One of the most popular ways of deploying Flash/SSD based storage to provide application acceleration is to install this technology directly within a physical server using the PCIe bus interface. PCIe based SSDs for uses in enterprise server acceleration have been shipping in the market since 2007.

Essentially the closer the Flash/SSD storage resides in relation to the server CPU and memory architecture, the lower the access latency will be, which in the case of current PCIe based products will be measured in micro seconds, typically 15µs for write operations and 50-100µs for read operations. Due to the capacity limitations of Flash/SSD devices only a limited number of applications could source all of their operational data from this storage layer and hence Flash/SSD is usually configured as an ultra-low latency storage cache fronting the slower traditional HDD based data stores either residing in the server or out on a SAN.

Flash/SSD technology deployed in this manner generally functions without any sophisticated intelligence that can ensure the most in-demand data sets are ‘always’ available from the high performance Flash/SSD storage layer, instead caching algorithms store the most recent transactions before de-staging them to HDD. A key consideration with sever deployed Flash/SSD is ensuring that the server does not jeopardise business continuity by becoming a single point of failure for the storage subsystem. Many vendors are developing ways to make server based Flash/SSD available to other servers within the data centre in order to create resilience through clustering. This clustering capability may be implemented within the network infrastructure as we will discuss later or within the OS or VM kernel.

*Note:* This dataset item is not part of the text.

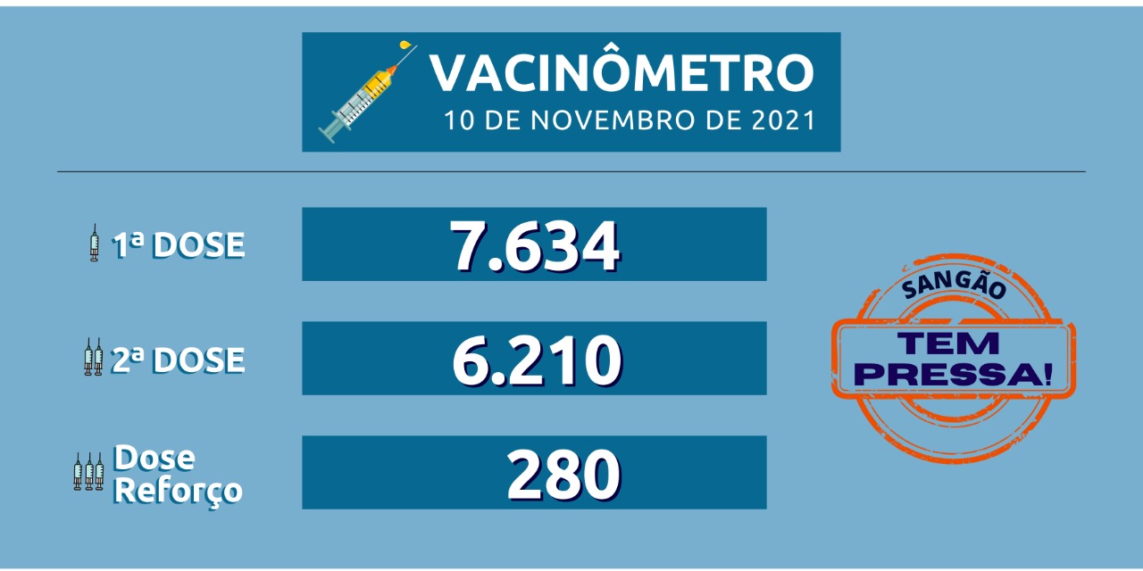 O boletim do “VACINÔMETRO de Sangão mostra que 7.634 pessoas tomaram a primeira dose de uma das vacinas disponíveis, enquanto 6.210 tomaram duas doses e outras 280 tomaram uma dose adicional para reforçar o quantitativo de anticorpos. Esses números indicam que mais de 70% do público alvo de Sangão já está vacinado com duas doses.

Flash/SSD deployed in the network infrastructure
We have outlined many of the key limitations of Flash/SSD deployment within a server. These included the local direct connectivity of Flash/SSD storage which forms a storage silo and limits or complicates the access to this internal storage within a networked or clustered environment; the dependence on availability of compatible drivers for each operating system and hypervisor that will access the cache, and the localised nature of the server installed architecture which can present a single point of failure.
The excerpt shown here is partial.